Pro tip: Reserve a small cup of pasta water before draining. This starchy water helps emulsify your sauce, making it a touch creamier without changing the flavor.

For a richer sauce, add a splash of cream. Just a few tablespoons can give your pasta a smooth, velvety finish. Want to mix it up? Try whole-wheat or chickpea pasta for a nutritional twist.

These simple tweaks can save you from common pitfalls and take your Lemon Garlic Shrimp Pasta to new heights. Enjoy the process and savor every bite!

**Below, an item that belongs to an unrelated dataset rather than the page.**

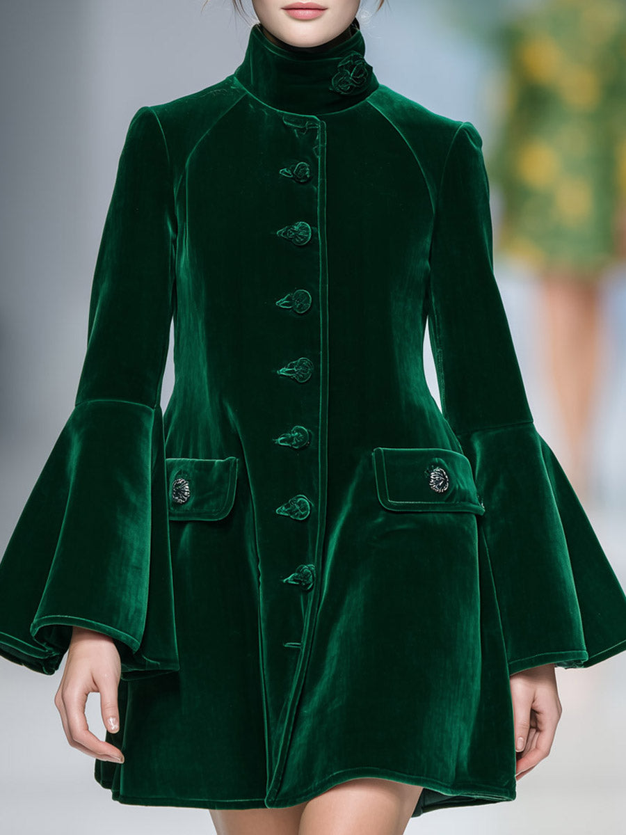 Dark Green Short Skirt Fashionable Stand Collar Velvet Jacket

Chef sautéing shrimp in a pan with lemon and garlic

Recipe

Ingredients:

  • 8 oz linguine
  • 1 1/4 lb large shrimp, peeled and deveined
  • 2 tablespoons extra virgin olive oil
  • 6 tablespoons unsalted butter, divided
  • 4 cloves garlic, finely minced
  • 1 teaspoon crushed red pepper flakes
  • Salt and black pepper to taste
  • 1 teaspoon dried oregano
  • 4 cups fresh baby spinach leaves
  • 1/4 cup grated Parmesan cheese
  • 2 tablespoons fresh parsley, chopped
  • 1 tablespoon freshly squeezed lemon juice

Instructions:

  1. Cook linguine until al dente. Reserve a cup of pasta water, then drain and set aside.
  2. In the same pot, heat olive oil and 2 tablespoons butter over medium heat. Sauté garlic until fragrant, about 1-2 minutes.
  3. Add shrimp, season with salt, pepper, and red pepper flakes. Cook until just pink, about 3-4 minutes, then remove and set aside.
  4. Add 2 more tablespoons butter to the pot. Add spinach and oregano, cooking until spinach wilts.
  5. Return shrimp and linguine to the pot. Add remaining butter, Parmesan, parsley, and lemon juice. Stir to combine, adding reserved pasta water as needed for desired sauce consistency.
  6. Adjust seasoning and serve hot.

Alternative Ingredients and Variations:

  • Substitute linguine with spaghetti, fettuccine, or gluten-free pasta.
  • Replace shrimp with chicken, scallops, or plant-based protein like tofu or chickpeas.
  • For dairy-free, use nutritional yeast instead of Parmesan and a dairy-free butter alternative.
  • Add cherry tomatoes, mushrooms, or asparagus for extra variety.
  • For a creamier version, add a splash of heavy cream or cream cheese to the sauce.

Nutritional information (per serving):

kcal: 452
carbohydrates: 37g
protein: 28g
fat: 24g
saturated fat: 11g
cholesterol: 225mg
sodium: 328mg
fiber: 3g
sugar: 1g

  1. Rudrappa U. Shrimp, nutritional value per 100 g. Nutrition and You. 2019.
  2. U.S. Department of Agriculture. FoodData Central. 2019.
  3. Mozaffarian D. Dietary and Policy Priorities for Cardiovascular Disease, Diabetes, and Obesity. Circulation. 2016;133(2):187-225.